Regulate Impersonation Only or All Synthetic Voice?
One of the biggest issues with this NPRM is the definition of “AI-generated call’ relative to the aims of the FCC. This NPRM justifiably was prompted by the “Deep Fake” of Joe Biden that occurred in conjunction with unlawful political calls in the State of New Hampshire.
These calls were deemed a Deep Fake because they involved synthesized audio to impersonate President Joe Biden, a well known public figure who is recognizable by name and voice by millions of citizens. It could also be considered a Deep Fake based on the context of the communication including the call-to-action (telling consumers there is no need to vote) and telephone number identity (e.g. use of a spoofed telephone number).
The word impersonate is key because the likeness of his voice (e.g. a synthesized version using AI-generated audio) occurred without permission. If these had been legal/ethical calls, approved by the Biden administration, the word mimic may be more appropriate. However, the calls were not legal and permission was not granted. It is recommended that the words impersonate or impersonation should always inherently mean without permission and thus a form of fraud and therefore unlawful.
In contrast, a human being providing permission to mimic their voice, such as an actor licensing rights for movie production, would not be unlawful. AI may also be used to synthesize the voice of a person that is not a public figure, such as Gerry Christensen. AI may also be used to generate audio for a non-person – a completely synthetic identity (e.g. a unique voice and associated name that is unlike any other in the world). In the case of Gerry Christensen, absence of permission to mimic would represent impersonation.
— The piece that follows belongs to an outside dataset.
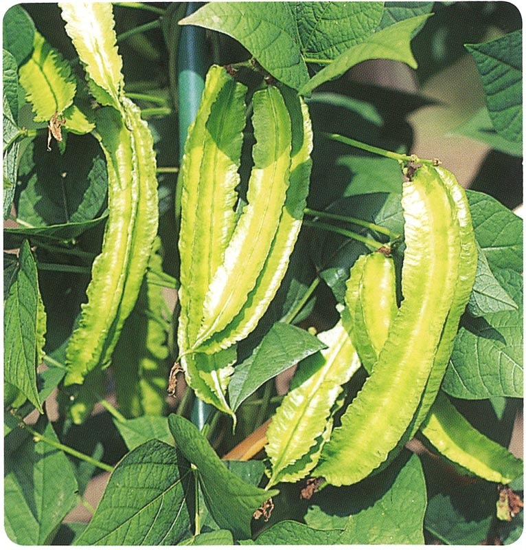 8月上旬に淡青色のスイートピーに似た花を咲かせ、9月を中心に若莢を収穫します。莢の長さは約15cm、断面は正方形です。高温・短日性で15℃以上の気温があればよく育ちます。
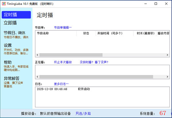 通过电脑软件实现音乐定时播放,并将电脑音频输出接在扩音机上,此方案具备简单灵活、成本较低的优点。虽然高档化的广播系统(硬件)本身就支持音乐定时播放,但高档设备往往有购置昂贵、操作复杂、维护成本高的缺点。

In the case of voice generated in association with a synthetic identity, neither impersonation or mimic seem to fit as there is nothing to copy from a real human being, alive or dead.
Deep Fakes (which again implies impersonation and thus unlawful) arguably have the potential for great harm to consumers and society as a whole. As with the Biden impersonation in New Hampshire, Deep Fakes are conducted by bad actors that rely on context that may involve two factors, “what you know” (calling registered Democrats in New Hampshire), and “what you have” (a spoofed telephone number). Either one of both factors may be employed by bad actors with intelligence gained from public sources, social engineering, and/or data breaches that occasionally occur from commercial and government sources.
The threat of Deep Fakes should not be taken lightly. However, the scale and scope should be a consideration. For example, impersonating Joe Biden’s voice could impact millions of people, but impersonating Gerry Christensen’s voice would likely only impact family, friends, and business associates. Therefore, the impact of a Deep Fake of a well known public figure would have bearing on broadcast vishing/smishing attempts whereas impersonating someone like Gerry Christensen would be limited to highly targeted “spear” vishing/smishing and therefore would not involve wide scale B2C communications.
It is therefore important to ask the question, does the FCC want to regulate all impersonation or only instances involving public figures? If the FCC wants to regulate for only public figures, what is the measure of determination? If the FCC wants to regulate all impersonation, how will the industry know that a real person’s voice is being synthesized, and if so, how would tracking of licensing agreements for legal mimicking occur? There are also issues to consider if the FCC wants to regulate the use of all synthesized voice as it would be burdensome to legitimate businesses.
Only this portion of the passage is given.